As the artificial intelligence (AI) industry continues to surge in popularity, a looming challenge has surfaced – the scarcity of high-quality training data. This shortage threatens to impede the growth of AI models, particularly large language models, and could potentially alter the trajectory of the AI revolution. This article explores why the dwindling data resources are a cause for concern and outlines possible solutions to address this issue.
High-quality data is the lifeblood of AI algorithms, contributing to their accuracy, performance, and overall quality. For instance, ChatGPT, a prominent language model, was trained on a staggering 570 gigabytes of text data, equivalent to approximately 300 billion words. Similarly, the stable diffusion algorithm, which powers AI image-generating applications like DALL-E, Lensa, and Midjourney, relied on the LIAON-5B dataset containing 5.8 billion image-text pairs. Inadequate data can lead to inaccuracies and subpar outputs.
Moreover, the quality of training data plays a pivotal role. Low-quality data, such as social media posts or blurry images, is readily available but insufficient to train high-performing AI models. Text extracted from social media platforms may be tainted by biases, prejudices, disinformation, or illegal content, which AI models can inadvertently replicate. For example, Microsoft’s attempt to train an AI bot using Twitter content resulted in it producing racist and misogynistic outputs.
To mitigate these risks, AI developers seek high-quality content from sources like books, online articles, scientific papers, Wikipedia, and carefully filtered web content. Even unconventional sources, such as romance novels from self-publishing site Smashwords, have been used to enhance conversational AI like Google Assistant.
Data supply vs. AI demand
While the AI industry has continuously scaled up the size of datasets used for training, the availability of online data is growing at a slower pace. Recent research suggests that at the current rate of AI training, high-quality text data could be exhausted before 2026. Low-quality language data may run out between 2030 and 2050, and low-quality image data between 2030 and 2060. These projections raise concerns about the potential bottleneck in AI development.
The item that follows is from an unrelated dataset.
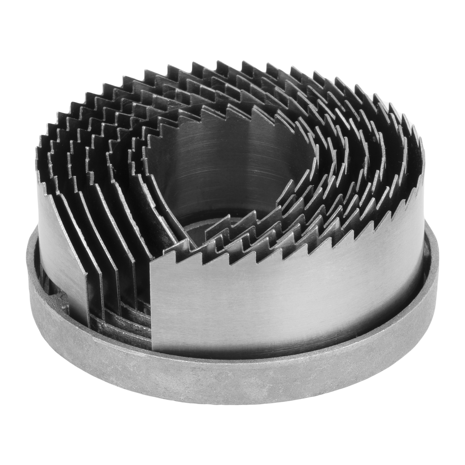 - Решение широкого спектра задач — в комплект входит 7 полотен диаметром от 26 до 63 мм.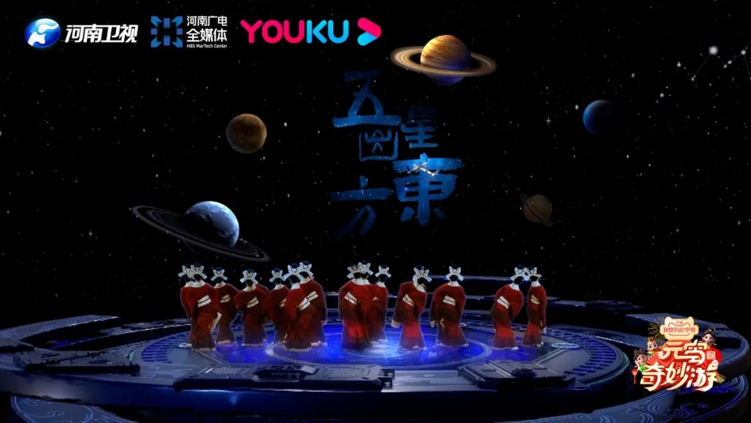 在这一篇章中,既有民俗符号的直接表达,也有更为含蓄的情感表达。就像舞蹈《五星出东方》,灵感就来源于文物“五星出东方利中国”汉代织锦,身着精巧、考究的“盛世衣冠”的舞者们一展大汉气魄,融合天文奇观的特效设计,在更广阔情感维度上诠释“元”主题。

The stakes are high in the world of AI, with PwC estimating that AI could contribute up to US$15.7 trillion to the global economy by 2030. However, the looming data shortage threatens to slow down the industry’s development and realization of its potential.
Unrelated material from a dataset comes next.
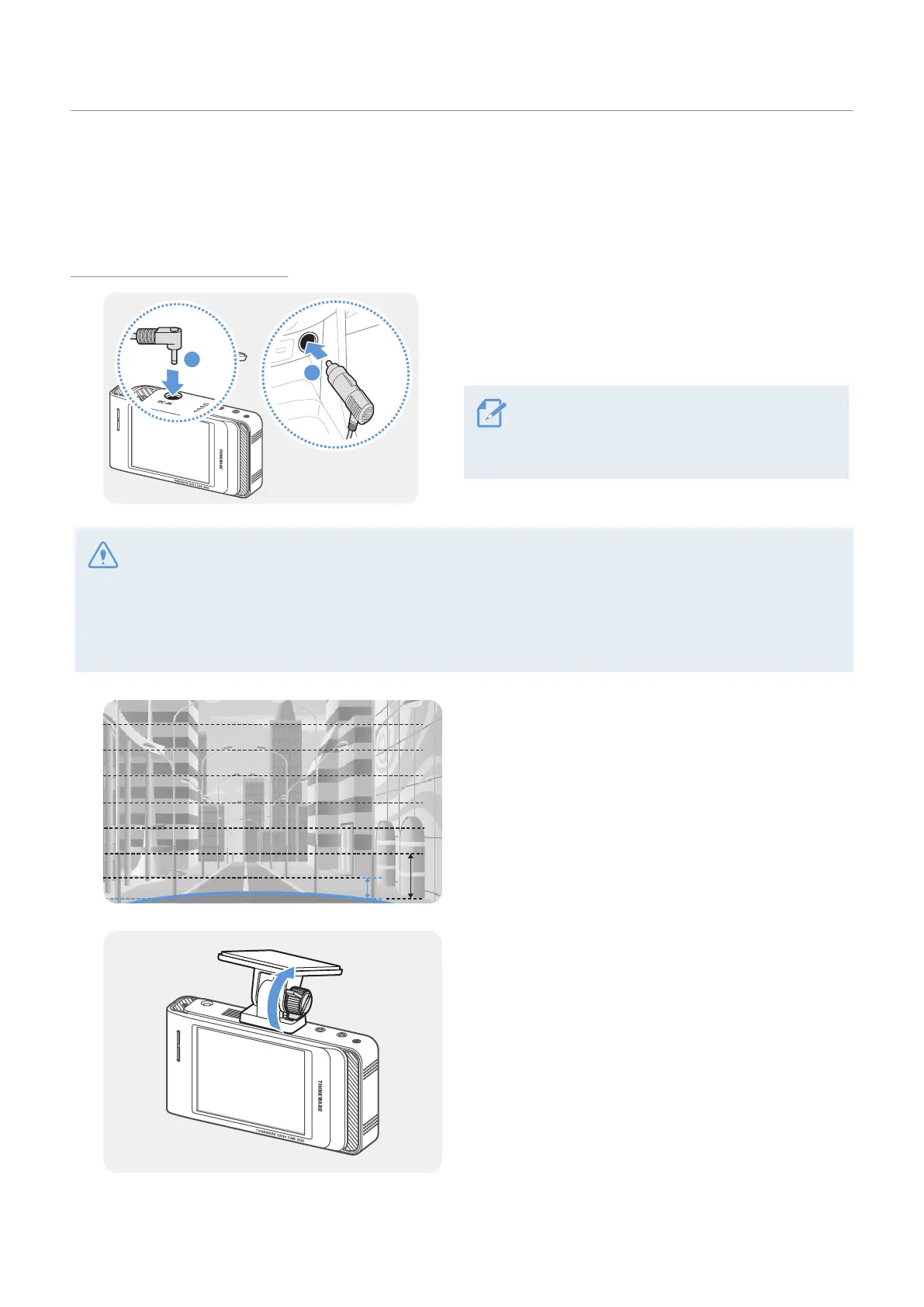 • Use the authentic THINKWARE car charger. Use of third party power cables may damage the product and

Improved Data Efficiency: AI developers can enhance algorithms to make more efficient use of existing data. In the coming years, they may achieve high-performance AI systems with less data and reduced computational power. This approach would not only alleviate the data shortage but also contribute to reducing AI’s environmental footprint.
Synthetic Data Generation: Another solution is the use of AI to create synthetic data tailored to train specific AI models. Projects are already utilizing synthetic content from data-generating services like Mostly AI, and this approach is likely to become more commonplace in the future.
Exploration of Non-Free Data Sources: Developers are increasingly exploring content beyond freely available online resources. Valuable data held by large publishers and offline repositories, including millions of texts published before the internet era, could serve as new sources for AI projects. Recent moves by companies like News Corp to negotiate content deals with AI developers, where AI companies pay for training data, could help ensure fair compensation for content creators and address the power imbalance.
The AI industry’s dependence on high-quality training data is evident, and the potential shortage of such data could pose challenges to its continued growth. While concerns exist, the situation may not be as dire as it appears. AI developers have avenues to improve data efficiency, create synthetic data, and explore non-free data sources. These strategies, coupled with the ongoing evolution of AI technologies, offer hope for mitigating the risks associated with data scarcity. As the AI revolution unfolds, adaptability and innovation will be key in navigating this emerging challenge and ensuring AI’s continued contribution to the global economy.